**TASK TO COMPLETE**
Leaving the pictures aside, reproduce the data in full and word for word.

**DATASET CONTENT**
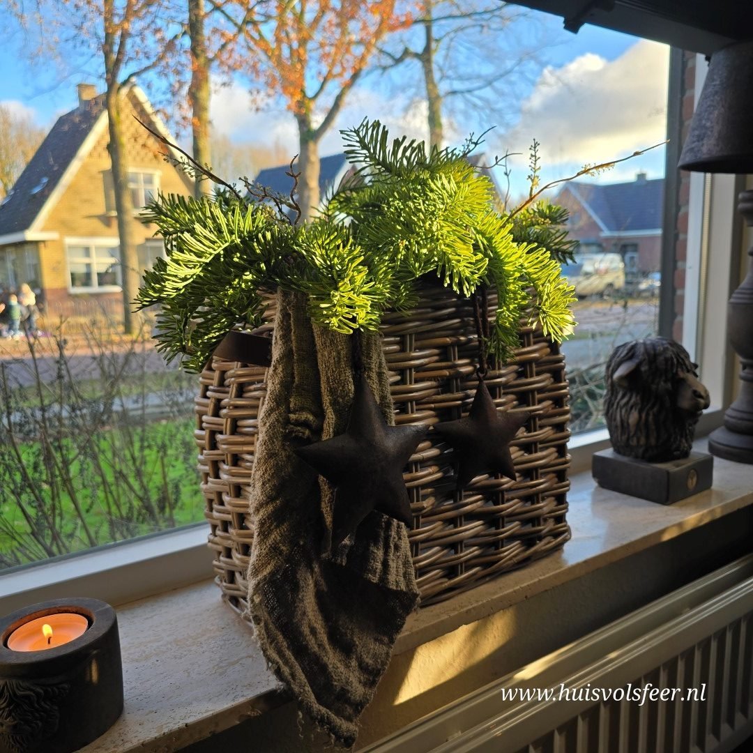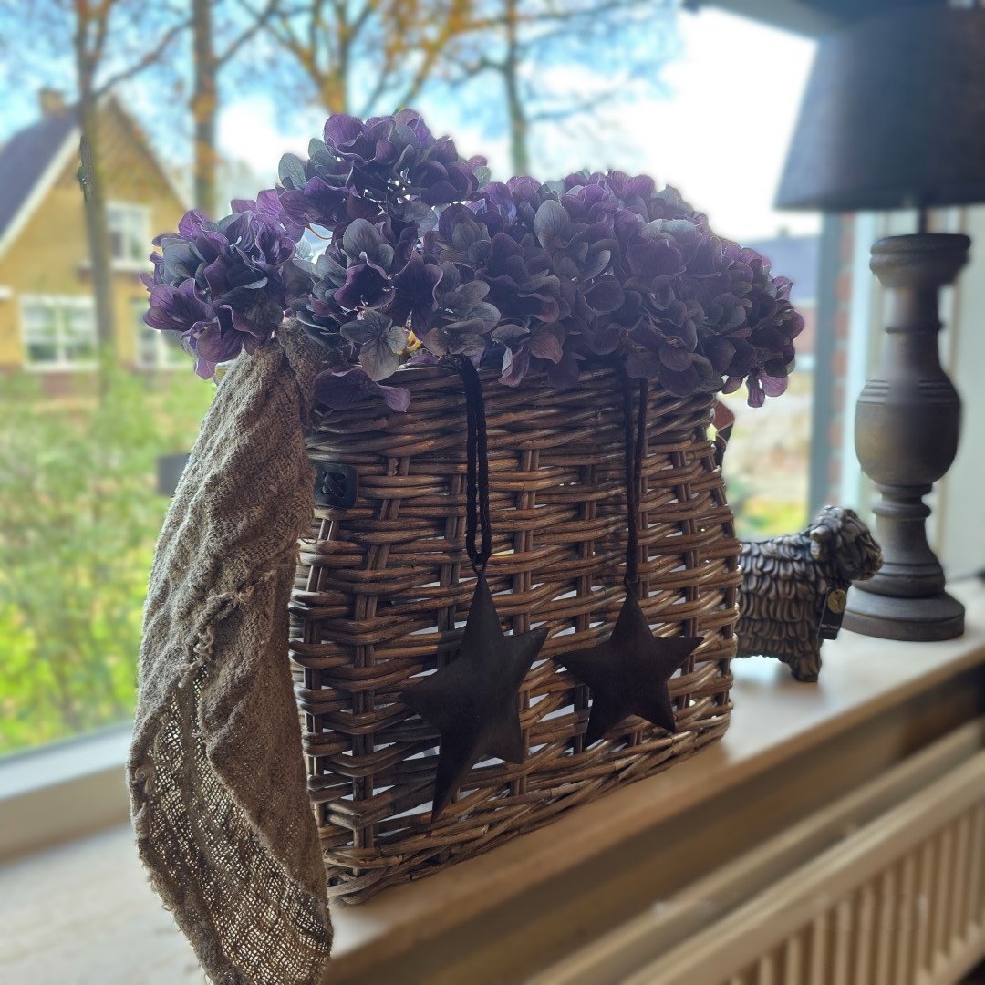 *Ook kunt u de mand goed vullen met: 2x Alnus Grande, 2 takken Sedum spray en 3 takken Juniperus Bronze takken. Hang er een mooie klosketting aan en/ of een shabby doek.
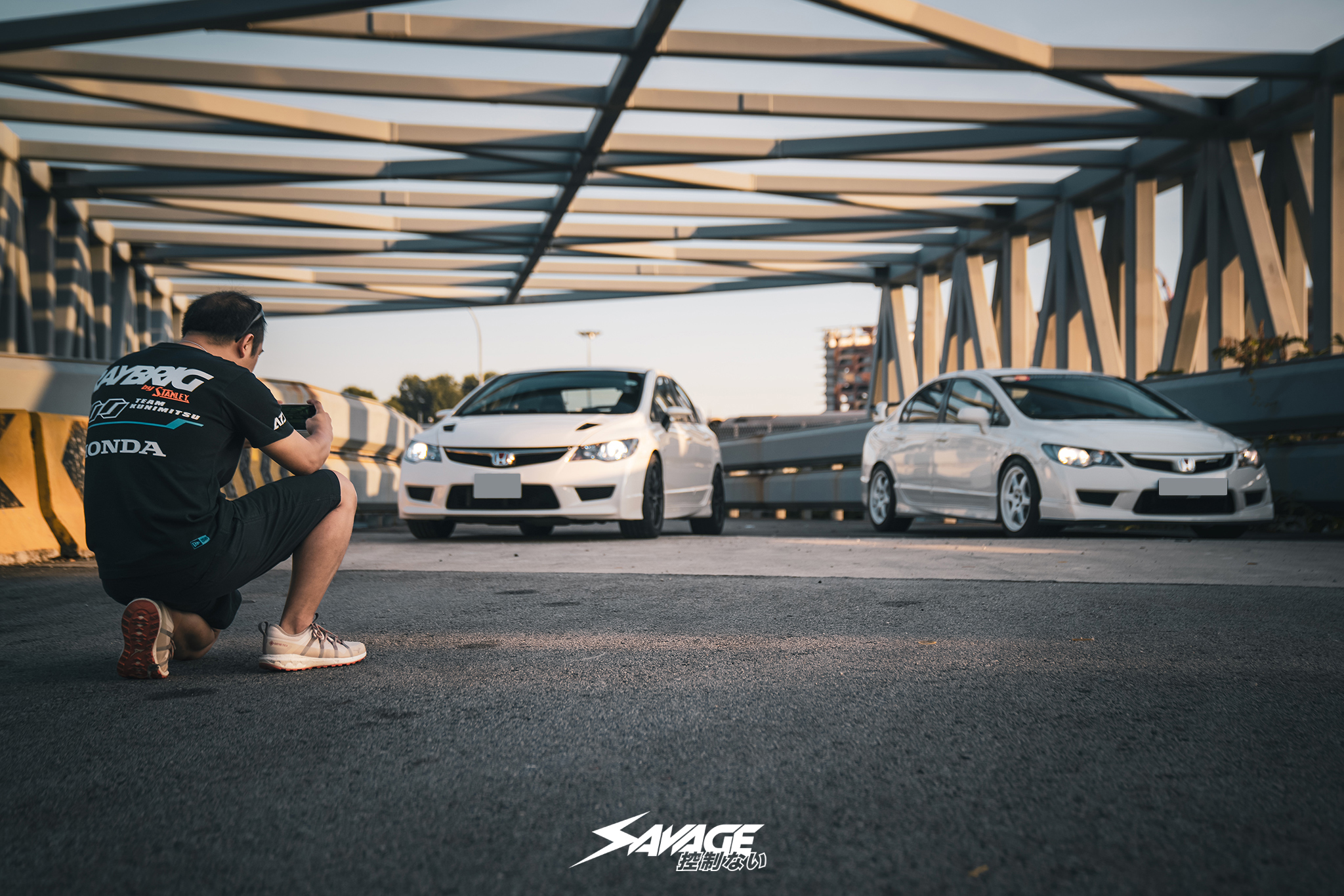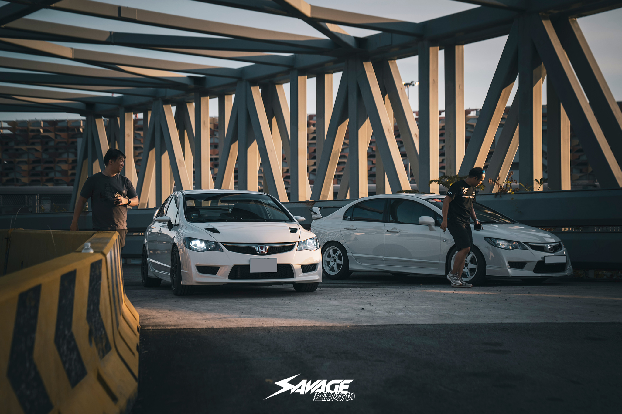 Today, they met up at Cartisan, a well-known and reputable workshop, eager to take their refined Type Rs out for a sunset drive. Rolling out side by side, their Championship White paintwork gleamed as the sun started to dip for the day, casting a golden glow over the city streets. The exhaust notes harmonised as they cruised, their cars practically twins in appearance yet unique in character. Each gear shift unleashed the full, naturally aspirated power of the K20 engine, raw and unfiltered, a driving experience untouched by modern cars’ insulation.
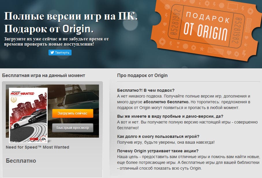 Need for Speed: Most Wanted стала новой игрой в разделе «Подарок от Origin», а это означает, что вы можете получить игру совершенно бесплатно. Чтобы получить игру, войдите в Origin и загрузите ее со страницы «Подарок от Origin» в свою библиотеку «Мои игры».
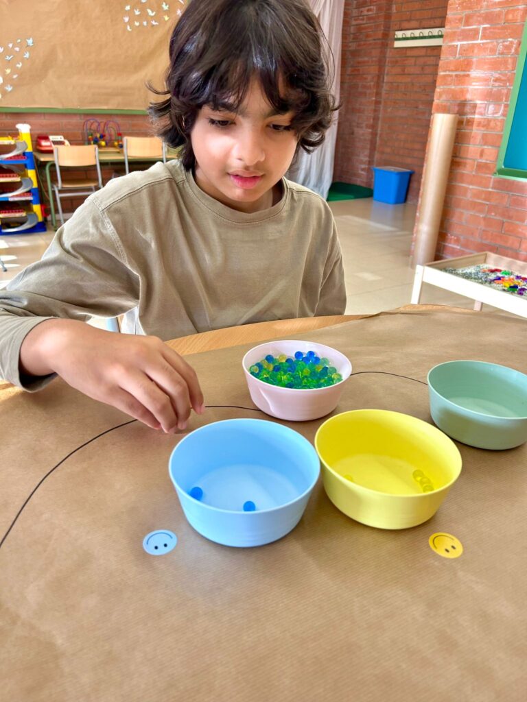 Nosaltres hem preparat 3 activitats: classificació per colors, creació de pilotes sensorials i experimentació amb aigua.

**WRITTEN REPLY**
 *Ook kunt u de mand goed vullen met: 2x Alnus Grande, 2 takken Sedum spray en 3 takken Juniperus Bronze takken. Hang er een mooie klosketting aan en/ of een shabby doek.
 Today, they met up at Cartisan, a well-known and reputable workshop, eager to take their refined Type Rs out for a sunset drive. Rolling out side by side, their Championship White paintwork gleamed as the sun started to dip for the day, casting a golden glow over the city streets. The exhaust notes harmonised as they cruised, their cars practically twins in appearance yet unique in character. Each gear shift unleashed the full, naturally aspirated power of the K20 engine, raw and unfiltered, a driving experience untouched by modern cars’ insulation.
 Need for Speed: Most Wanted стала новой игрой в разделе «Подарок от Origin», а это означает, что вы можете получить игру совершенно бесплатно. Чтобы получить игру, войдите в Origin и загрузите ее со страницы «Подарок от Origin» в свою библиотеку «Мои игры».
 Nosaltres hem preparat 3 activitats: classificació per colors, creació de pilotes sensorials i experimentació amb aigua.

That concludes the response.